O Quad foi criticado por muitas coisas, principalmente por ser excludente, por não apresentar resultados tangíveis e por alimentar a paranóia estratégica contra a China .

Há desconforto no sudeste da Ásia, em particular sobre seu impacto potencial na estabilidade regional. Ou seja, o grupo seria parte da guerra híbrida americana de contenção da China, que causaria, em consequência, uma desestabilização muito prejudicial a toda a região, como já ocorre no Oriente Médio, Cáucaso e outras regiões.

Uma das tarefas da reunião de Washington será abordar algumas dessas preocupações e explicar melhor o que é o Quad, o que não é e como funciona. Não vai ser fácil.

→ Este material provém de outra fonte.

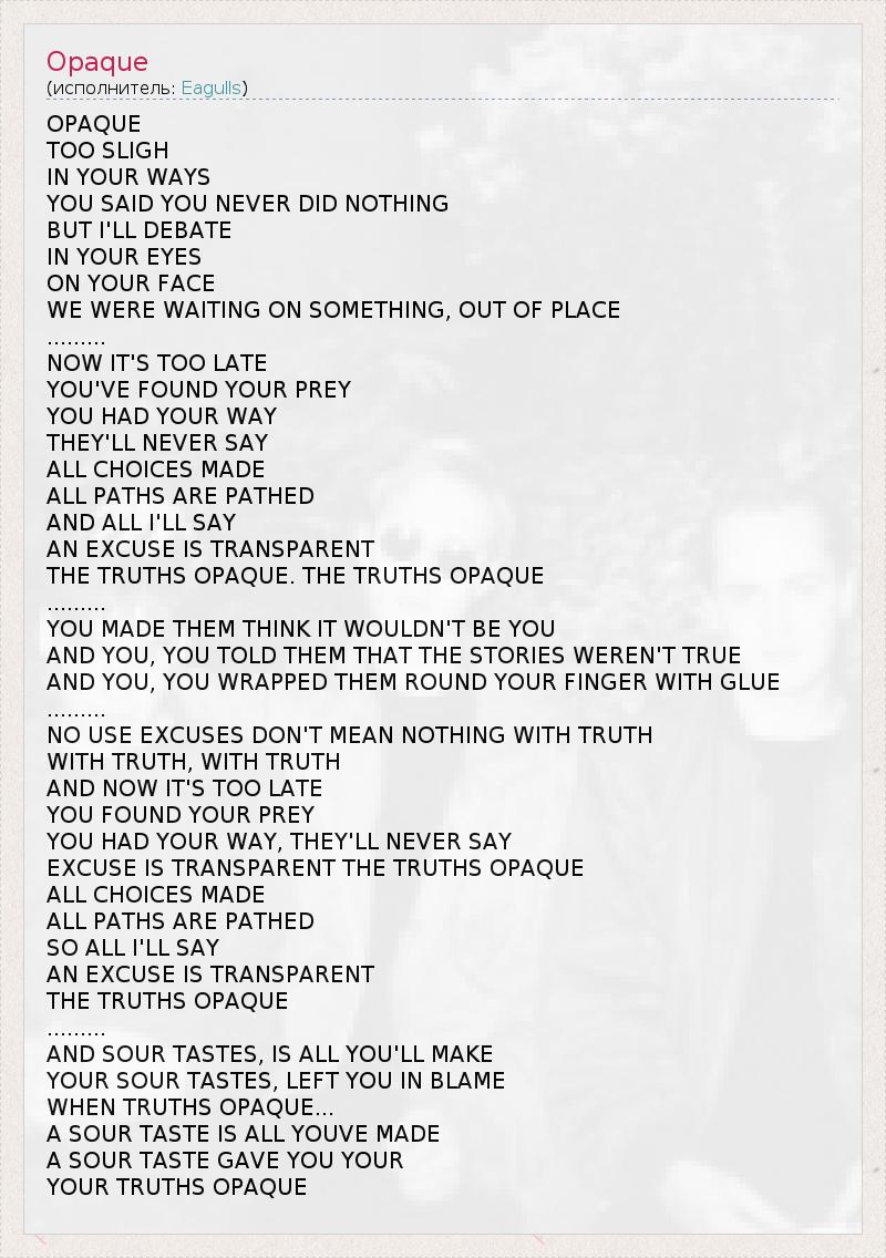OPAQUE TOO SLIGH IN YOUR WAYS YOU SAID YOU NEVER DID NOTHING BUT I'LL DEBATE IN YOUR EYES ON YOUR FACE WE WERE WAITING ON SOMETHING, OUT OF PLACE ......... NOW IT'S TOO LATE YOU'VE FOUND YOUR PREY YOU HAD YOUR WAY THEY'LL NEVER SAY ALL CHOICES MADE ALL PATHS ARE PATHED AND ALL I'LL SAY AN EXCUSE IS TRANSPARENT THE TRUTHS OPAQUE. THE TRUTHS OPAQUE ......... YOU MADE THEM THINK IT WOULDN'T BE YOU AND YOU, YOU TOLD THEM THAT THE STORIES WEREN'T TRUE AND YOU, YOU WRAPPED THEM ROUND YOUR FINGER WITH GLUE ......... NO USE EXCUSES DON'T MEAN NOTHING WITH TRUTH WITH TRUTH, WITH TRUTH AND NOW IT'S TOO LATE YOU FOUND YOUR PREY YOU HAD YOUR WAY, THEY'LL NEVER SAY EXCUSE IS TRANSPARENT THE TRUTHS OPAQUE ALL CHOICES MADE ALL PATHS ARE PATHED SO ALL I'LL SAY AN EXCUSE IS TRANSPARENT THE TRUTHS OPAQUE ......... AND SOUR TASTES, IS ALL YOU'LL MAKE YOUR SOUR TASTES, LEFT YOU IN BLAME WHEN TRUTHS OPAQUE... A SOUR TASTE IS ALL YOUVE MADE A SOUR TASTE GAVE YOU YOUR YOUR TRUTHS OPAQUE

Fundamentalmente, o Quad ainda é movido por preocupações mútuas sobre a China. Seu objetivo é encontrar maneiras de trabalhar em conjunto para impedir que Pequim crie uma região Indo-Pacífica na qual, em sua interpretação:

  • define preços e padrões para bens e serviços
  • controla o comércio e o investimento, bem como o acesso a matérias-primas escassas e tecnologias sensíveis
  • fortalece estados clientes autoritários e enfraquece democracias
  • e agarra o que quer, como o Mar da China Meridional ou Taiwan, com impunidade.

Mas, é claro, isso não pode ser dito abertamente, em tantas palavras.